_Work order_
Starting with the line below that holds "На участке мы" and stopping after the line that holds "Quelques pépinières utilisent", transcribe the lines exactly, leaving out all pictures.

_Data supplied_
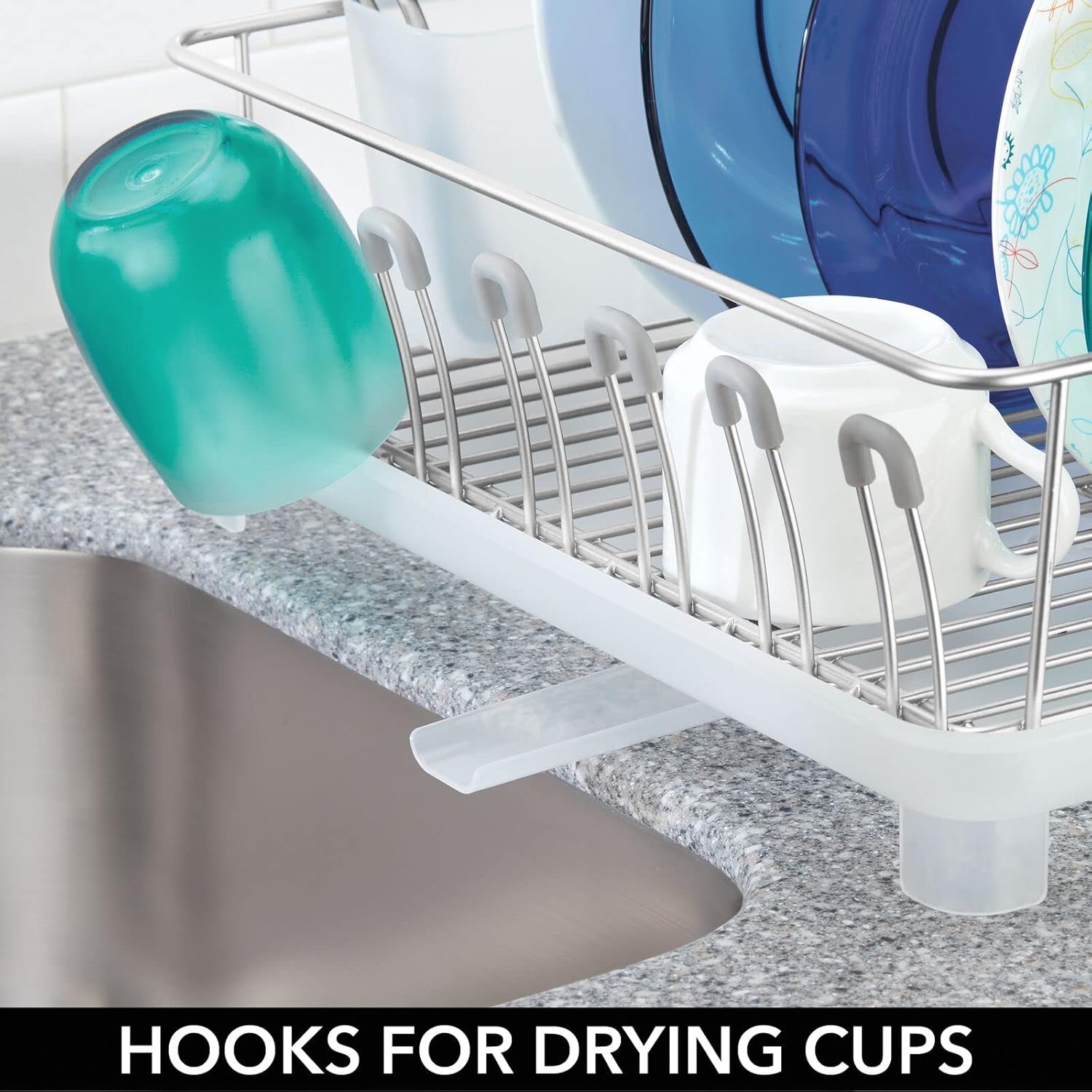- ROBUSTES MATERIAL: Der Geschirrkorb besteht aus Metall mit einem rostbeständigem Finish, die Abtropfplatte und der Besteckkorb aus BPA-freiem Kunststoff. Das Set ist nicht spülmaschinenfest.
---
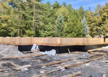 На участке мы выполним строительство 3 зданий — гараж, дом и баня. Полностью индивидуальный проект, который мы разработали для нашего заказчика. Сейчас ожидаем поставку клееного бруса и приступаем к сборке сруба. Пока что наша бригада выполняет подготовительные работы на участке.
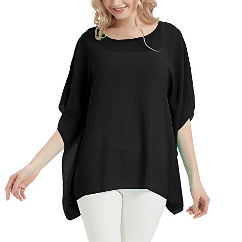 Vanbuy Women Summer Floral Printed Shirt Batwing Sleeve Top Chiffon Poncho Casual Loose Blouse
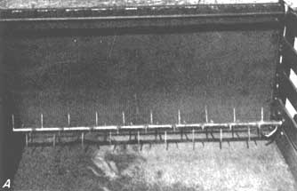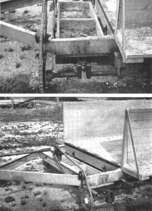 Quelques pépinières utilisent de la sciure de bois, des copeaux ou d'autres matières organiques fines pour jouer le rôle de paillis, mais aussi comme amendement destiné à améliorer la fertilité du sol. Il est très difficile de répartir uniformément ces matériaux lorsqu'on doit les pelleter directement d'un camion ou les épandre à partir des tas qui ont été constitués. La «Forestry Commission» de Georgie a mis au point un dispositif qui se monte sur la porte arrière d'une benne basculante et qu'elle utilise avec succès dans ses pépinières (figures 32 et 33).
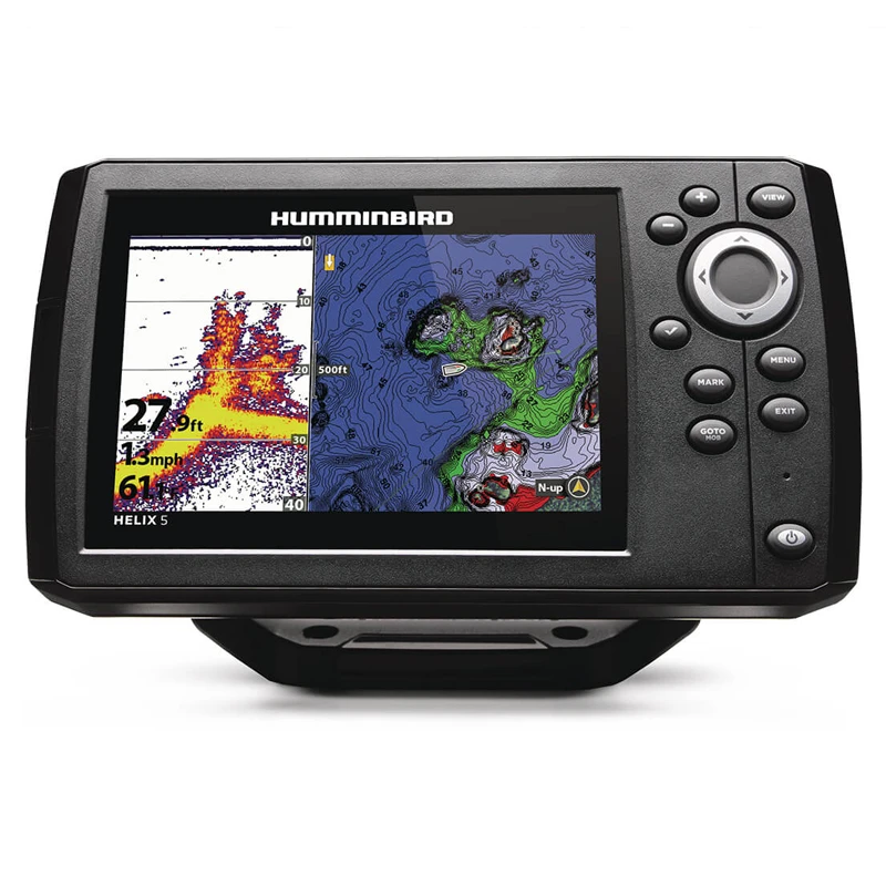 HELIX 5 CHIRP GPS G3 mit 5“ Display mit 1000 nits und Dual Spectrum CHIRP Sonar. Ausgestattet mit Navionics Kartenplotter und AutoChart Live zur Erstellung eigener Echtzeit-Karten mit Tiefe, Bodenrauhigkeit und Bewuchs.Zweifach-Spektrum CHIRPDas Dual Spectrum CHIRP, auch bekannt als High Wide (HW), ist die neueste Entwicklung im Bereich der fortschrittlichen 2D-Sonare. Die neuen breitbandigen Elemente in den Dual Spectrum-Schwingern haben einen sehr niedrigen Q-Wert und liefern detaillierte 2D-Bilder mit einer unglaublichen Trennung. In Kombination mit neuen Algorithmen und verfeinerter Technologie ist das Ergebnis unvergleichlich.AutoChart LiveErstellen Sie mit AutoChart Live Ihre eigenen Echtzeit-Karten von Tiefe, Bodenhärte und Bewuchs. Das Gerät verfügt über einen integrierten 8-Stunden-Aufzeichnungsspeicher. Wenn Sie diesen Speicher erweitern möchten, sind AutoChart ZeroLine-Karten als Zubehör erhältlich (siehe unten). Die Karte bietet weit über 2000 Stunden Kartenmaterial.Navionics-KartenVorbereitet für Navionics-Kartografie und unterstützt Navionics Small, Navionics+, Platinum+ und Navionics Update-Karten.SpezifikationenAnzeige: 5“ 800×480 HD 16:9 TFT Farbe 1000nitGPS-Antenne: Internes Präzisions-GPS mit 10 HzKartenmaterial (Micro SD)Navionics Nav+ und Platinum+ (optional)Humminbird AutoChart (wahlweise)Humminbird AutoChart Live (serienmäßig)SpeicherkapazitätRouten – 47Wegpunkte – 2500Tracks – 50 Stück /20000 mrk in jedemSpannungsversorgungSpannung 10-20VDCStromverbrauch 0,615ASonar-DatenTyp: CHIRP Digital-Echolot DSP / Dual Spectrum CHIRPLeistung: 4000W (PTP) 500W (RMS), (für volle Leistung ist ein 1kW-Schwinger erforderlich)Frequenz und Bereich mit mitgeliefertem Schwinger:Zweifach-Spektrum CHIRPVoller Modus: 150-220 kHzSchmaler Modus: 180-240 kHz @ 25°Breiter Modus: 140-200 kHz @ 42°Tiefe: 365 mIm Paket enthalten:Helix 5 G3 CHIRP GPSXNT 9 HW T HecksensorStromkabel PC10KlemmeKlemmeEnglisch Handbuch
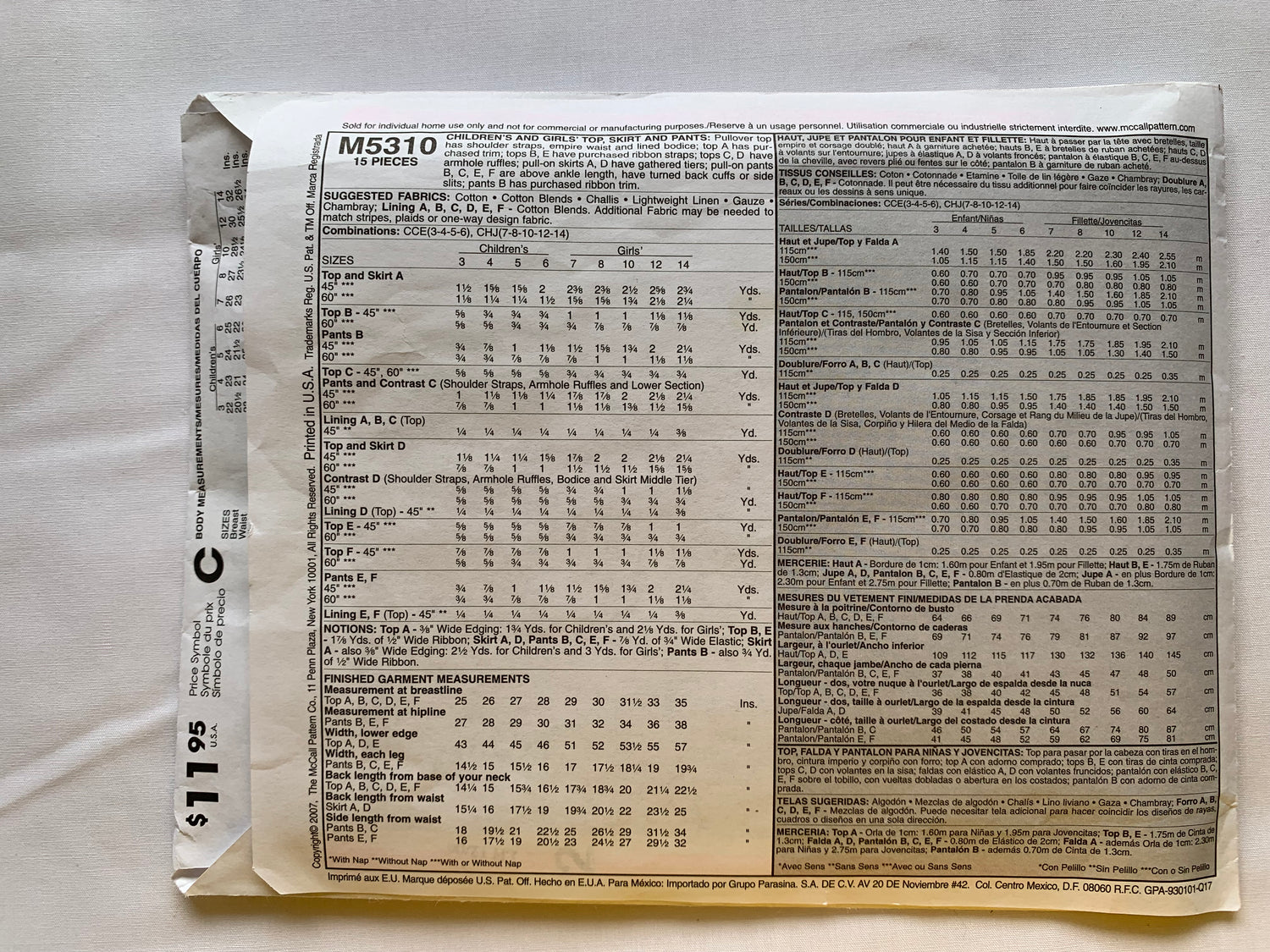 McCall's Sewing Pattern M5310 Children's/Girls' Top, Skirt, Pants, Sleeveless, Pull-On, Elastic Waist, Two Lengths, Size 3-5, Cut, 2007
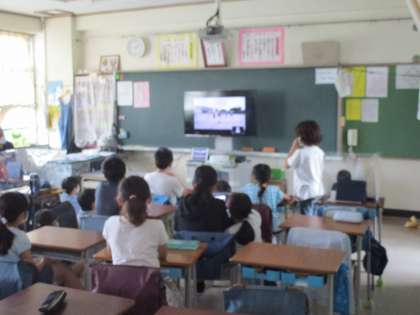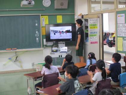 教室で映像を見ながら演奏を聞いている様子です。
--
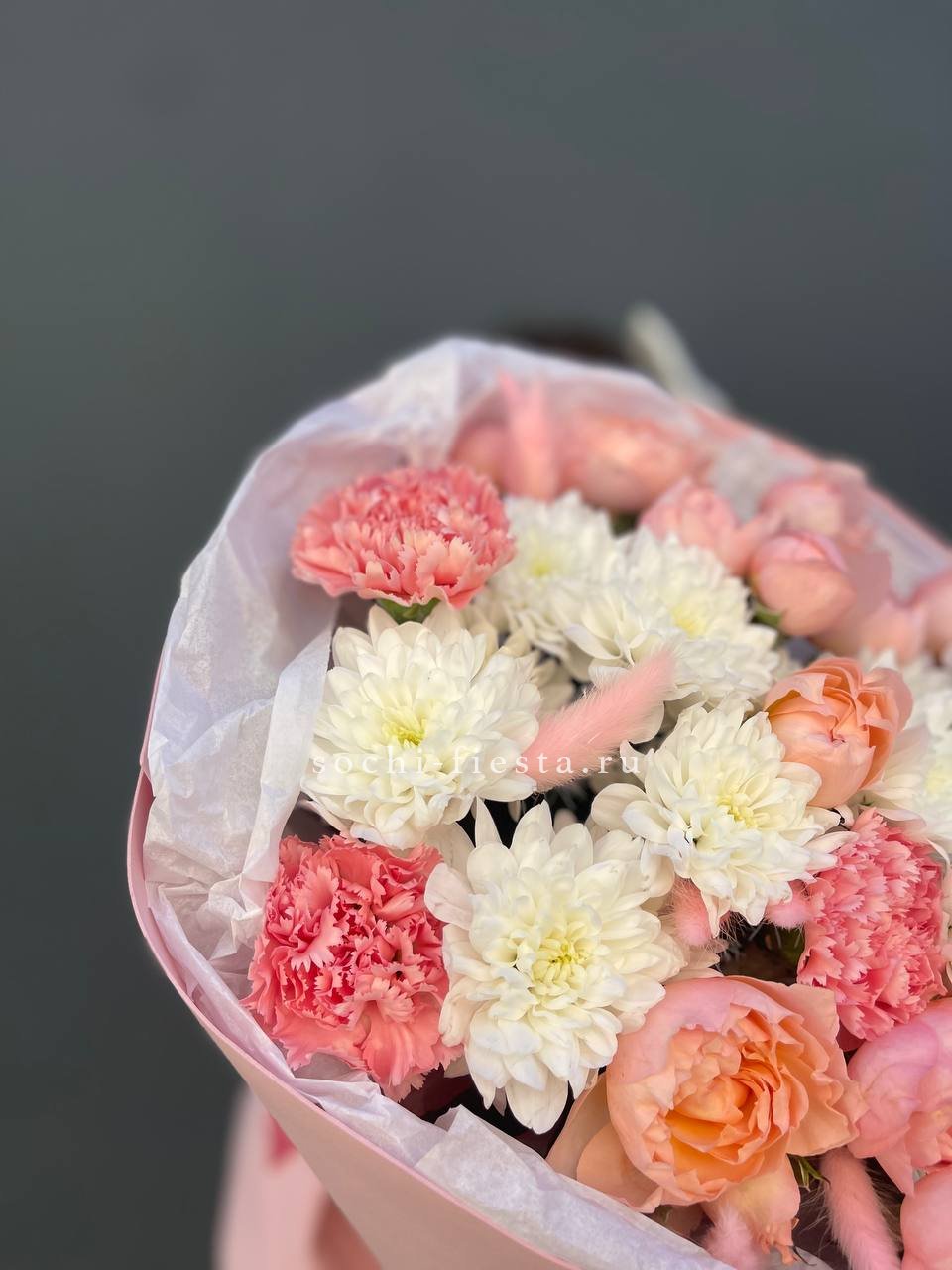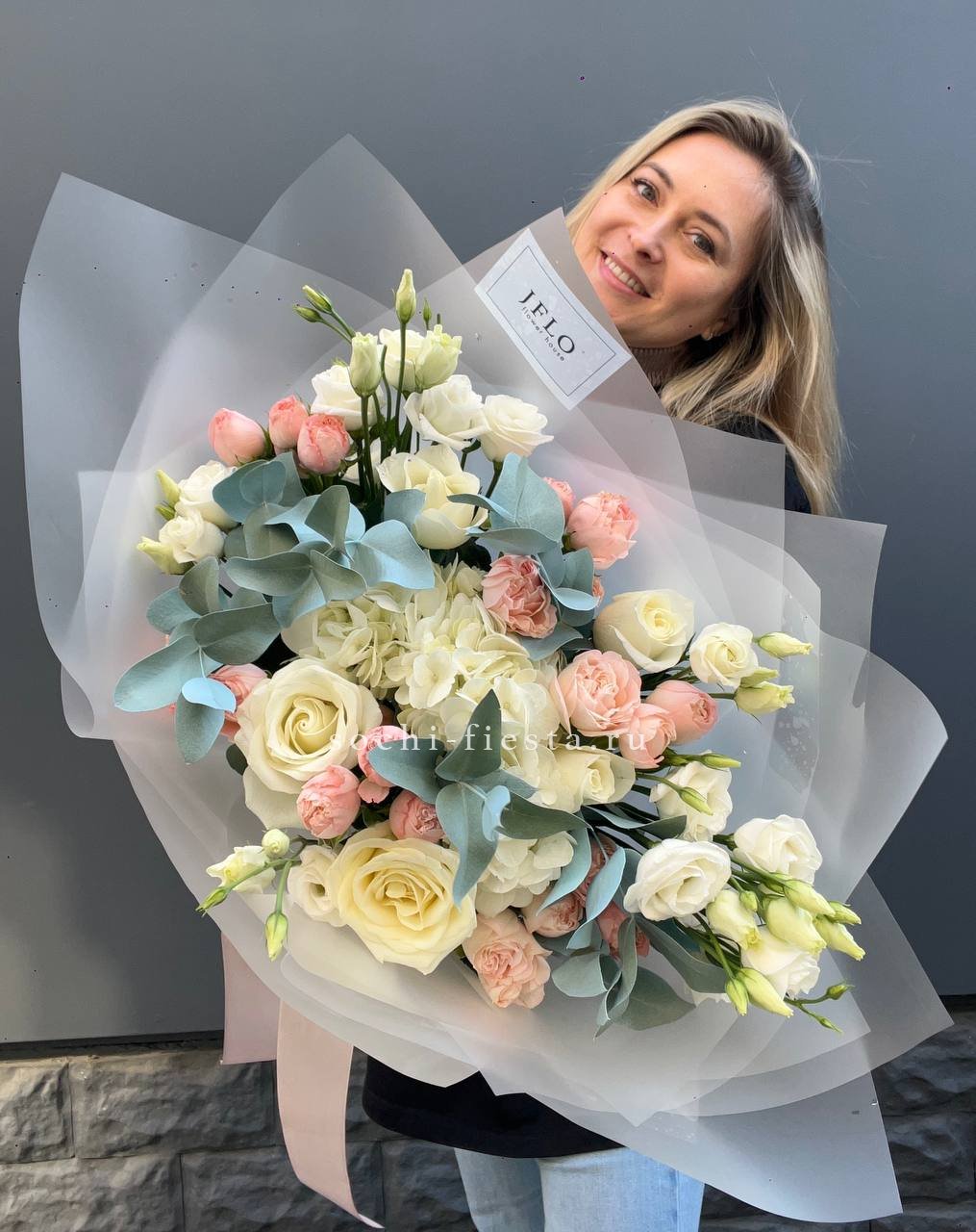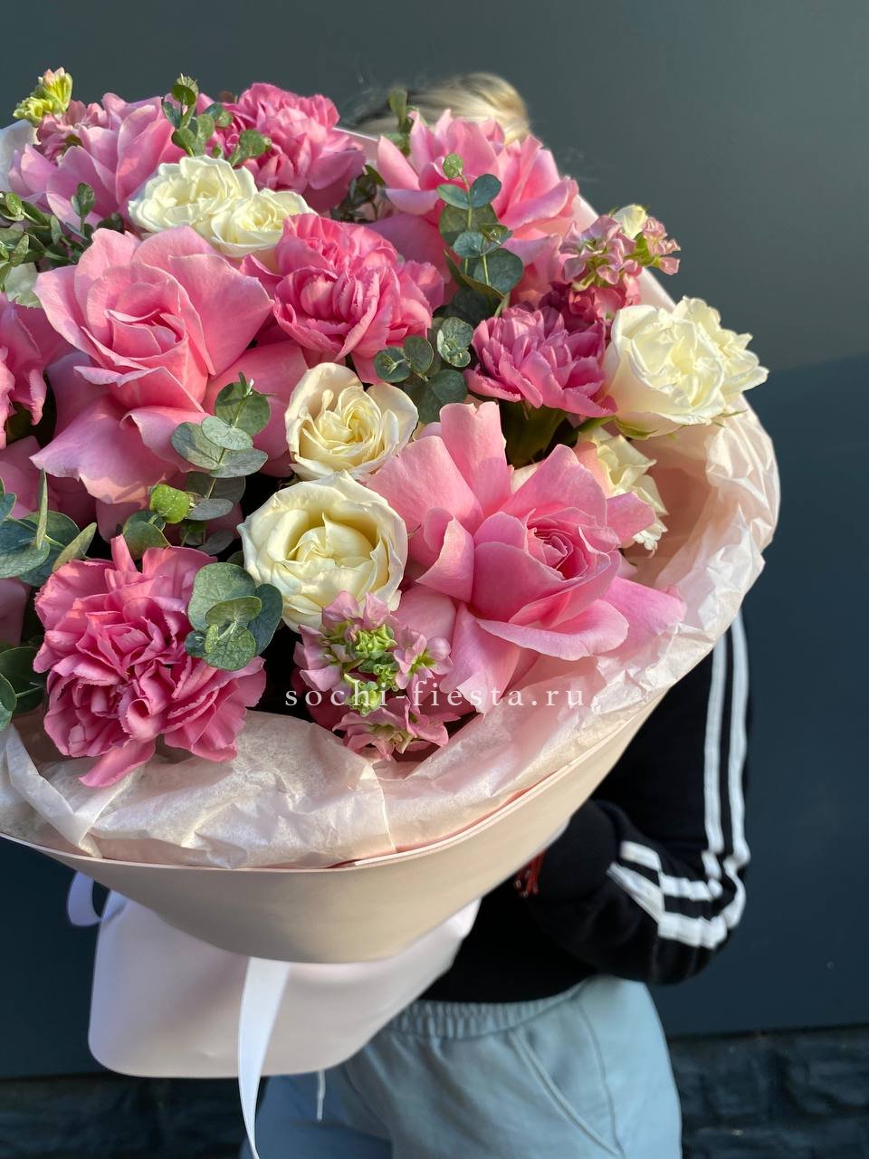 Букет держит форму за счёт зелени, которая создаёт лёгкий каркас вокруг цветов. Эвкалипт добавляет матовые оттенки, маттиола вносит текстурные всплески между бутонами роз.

_Written response_
 На участке мы выполним строительство 3 зданий — гараж, дом и баня. Полностью индивидуальный проект, который мы разработали для нашего заказчика. Сейчас ожидаем поставку клееного бруса и приступаем к сборке сруба. Пока что наша бригада выполняет подготовительные работы на участке.
 Vanbuy Women Summer Floral Printed Shirt Batwing Sleeve Top Chiffon Poncho Casual Loose Blouse
 Quelques pépinières utilisent de la sciure de bois, des copeaux ou d'autres matières organiques fines pour jouer le rôle de paillis, mais aussi comme amendement destiné à améliorer la fertilité du sol. Il est très difficile de répartir uniformément ces matériaux lorsqu'on doit les pelleter directement d'un camion ou les épandre à partir des tas qui ont été constitués. La «Forestry Commission» de Georgie a mis au point un dispositif qui se monte sur la porte arrière d'une benne basculante et qu'elle utilise avec succès dans ses pépinières (figures 32 et 33).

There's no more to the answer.